Remember this story, from last week's Time magazine, "Pregnancy Boom at Gloucester High":
As summer vacation begins, 17 girls at Gloucester High School are expecting babies—more than four times the number of pregnancies the 1,200-student school had last year. Some adults dismissed the statistic as a blip. Others blamed hit movies like Juno and Knocked Up for glamorizing young unwed mothers. But principal Joseph Sullivan knows at least part of the reason there's been such a spike in teen pregnancies in this Massachusetts fishing town. School officials started looking into the matter as early as October after an unusual number of girls began filing into the school clinic to find out if they were pregnant. By May, several students had returned multiple times to get pregnancy tests, and on hearing the results, "some girls seemed more upset when they weren't pregnant than when they were," Sullivan says. All it took was a few simple questions before nearly half the expecting students, none older than 16, confessed to making a pact to get pregnant and raise their babies together. Then the story got worse. "We found out one of the fathers is a 24-year-old homeless guy," the principal says, shaking his head.
The story created a blogstorm of comment, and we confess to having been tempted to join in. But there was something about the story, despite its source in the increasingly irrelevant legacy media, that sounded fishy.

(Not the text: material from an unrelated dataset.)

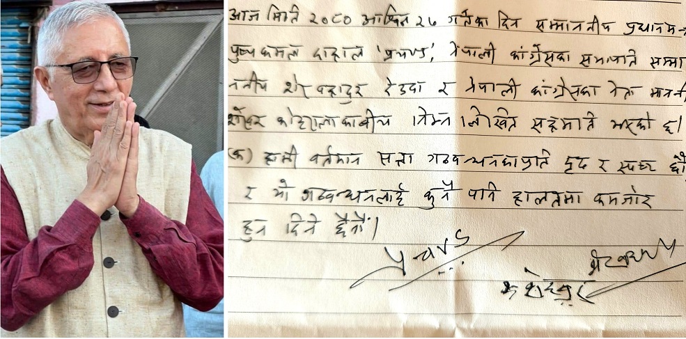 काठमाडौं । आफ्नै पार्टी सभापतिप्रति बगावत गर्दै कोशीमा एमालेसँग मिलेर आफ्ना नेतालाई मुख्यमन्त्री बनाएपछि कांग्रेस नेता शेखर कोइरालाले बालुवाटार पुगेर गठबन्धनमा प्रतिवद्ध भएको कागजमा सही गरेका छन् ।
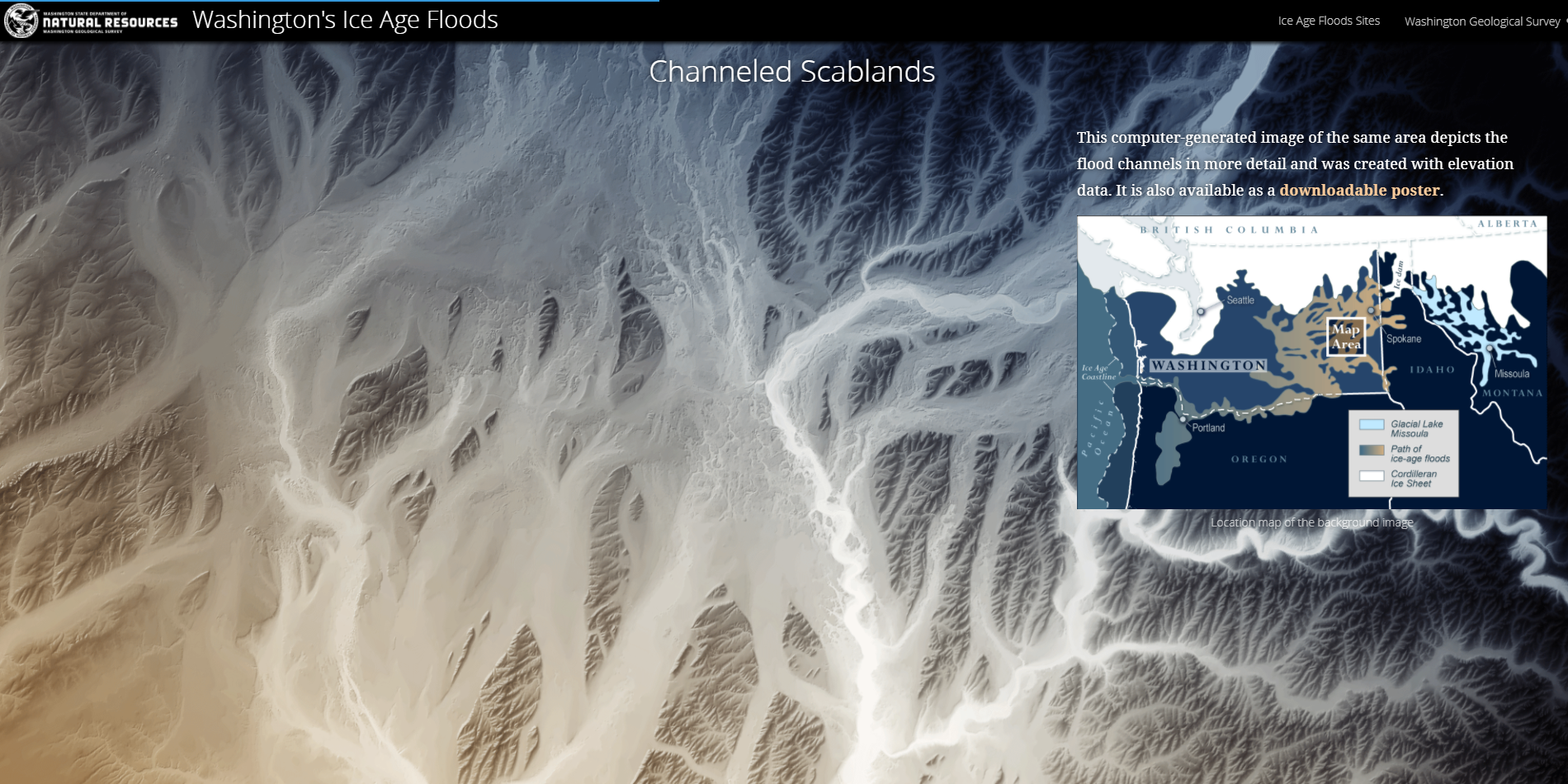 最優秀作品は、氷河期の大規模な洪水によって形作られた米国ワシントン州の ダイナミックな地形について解説したストーリー マップです。

Turns out we were right. The Associated Press now reports:
GLOUCESTER, Mass. -- The Gloucester, Mass. principal who claimed that some of the 17 pregnant girls in his school had made a pact to become pregnant will not attend a meeting of city leaders on the subject.

Mayor Carolyn Kirk did not say why Principal Joseph Sullivan would not be at the meeting she called for Monday with other school, health and city leaders.

Kirk said she and the superintendent have been in close touch with the principal. She reiterated they had no independent information to back up his assertion that some of the 17 girls who became pregnant this year had planned to become pregnant and raise their babies together.

Sullivan has not returned calls for comment since a Time magazine article last week.
The moral of the story? Don't believe everything you read on the Internet.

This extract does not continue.